What the Critics Said:
“Director Jon Tracy has earned a well-deserved reputation for his bold adaptations of classics ranging from ‘Animal Farm’ to Homer's ‘Iliad’ and ‘Odyssey.’ This time, in his debut outing with Marin Shakespeare Company, Tracy's taken on "The Tempest."
.…The matchup is thoroughly inventive, often engrossing and at times highly entertaining….
The deposed and exiled Duke Prospero (Robert Parsons) is a scientist - not mad but edgy and a little unhinged - in the electrical wizardry mold.
Sarah Gold's Miranda, far from the usual innocent, obedient daughter, is an angry, rebellious teen, providing some great sparks in an early father-daughter face-off. Ariel has become the Ariel Coil, Prospero's great invention, represented by set designer Nina Ball's huge, buzzing cylindrical gizmo and moving sheds stuffed with period hardware to match the 1900 leather aprons of Abra Berman's costumes.

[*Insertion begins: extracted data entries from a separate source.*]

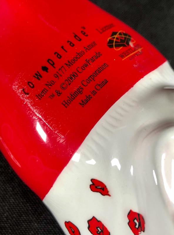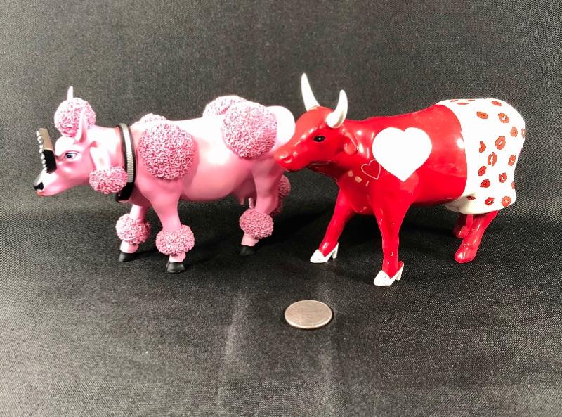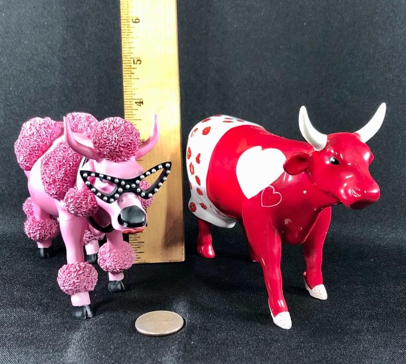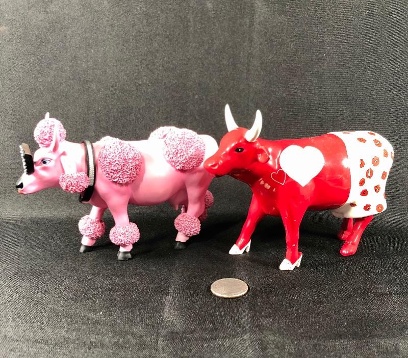 Pair of collector Cow Parade figurines. Moocho Amor (red) and French Moodle (pink). Display great.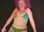 orange and green tie-dyed string bikini as your eyes follow to her tummy.
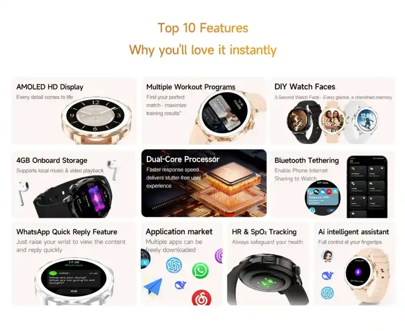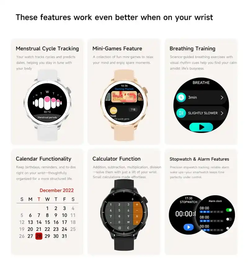 Daily Convenience: Raise the wrist to light the screen, alarm clock reminder, remote control photo, find the phone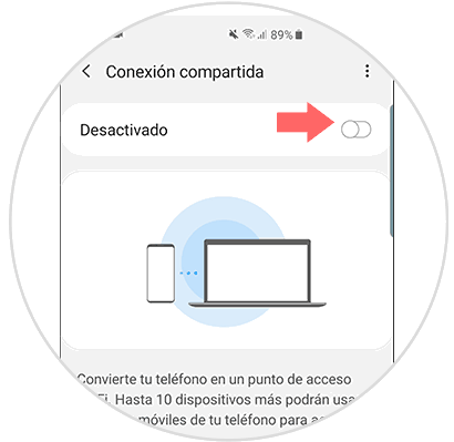 De esta forma habremos deshabilitado o activado la conexión compartida de Internet desde nuestro Galaxy S10.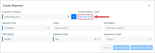 - If the selected staff member has a default shipment type configured, the Shipment Type field updates automatically upon selection.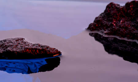 A vibrant sunset with orange and pink clouds reflects in a puddle surrounded by dark gravel, creating a surreal, inverted landscape.

The Coil controls the Qualities, six deft, top-hatted and goggle-eyed functionaries popping out of trapdoors to contribute humorous stage magic with their robotic movements. But Tracy's biggest change - besides drastically cutting, rearranging and redistributing the text - is turning Caliban from a semi-human denizen of the island to an ‘indigenous scientist.’ Michael Torres' forceful, keen-eyed Caliban is just what Tracy wants for a worthy opponent for Prospero.
[T]he effort is intriguing in many ways, and some moments come alive with engaging originality….This is a remarkably prosaic ‘Tempest.’”
– Robert Hurwitt, San Francisco Chronicle
“Director Jon Tracy has delightfully set The Tempest in a steampunk inspired Victorian land of imagination. Prospero’s cell does not evoke ceremonial magic ala Dr. Faustus but rather the laboratory of mad Dr. Frankenstein. The magic here is the magic of electricity and science, not demons. But the magic, happily, is intact and the vision is successfully realized.
Robert Parsons’ Prospero is not a powerful magician, but a frightened, angry, socially inept science nerd more at ease with his mechanical devices than he is with any human being. His Ariel is not evoked by prayerful gestures or chants, but is plugged in to some sort of electrical device and moves mechanically. Perhaps I should say Ariels (plural) as Ariel here is manifested as several mechanical seeming creatures who speak simultaneously in hauntingly effective fashion. This is all very difficult to describe but a pleasure to see and hear.
.…for the joy of this visually thrilling production, one is happily willing to suspend disbelief. Mr. Torres’ Caliban is full of confused poetry, passion and ambition, as he should be.
Prospero and Caliban are (rightly) the centerpiece of the production, along with the extraordinary Ariel performed as an ensemble by Silvia Girardi, Maro Guevara, Kimberly Miller, Nesbyth Rieman, Erika Salazar and Jeremy Vik. They are all excellent.
The supporting cast does a fine job of moving the story along and keeping things clear.
As a treat for the senses, this production is a marvelous success….
On its visually thrilling terms, the production is a hands-down winner and I recommend that you attend.”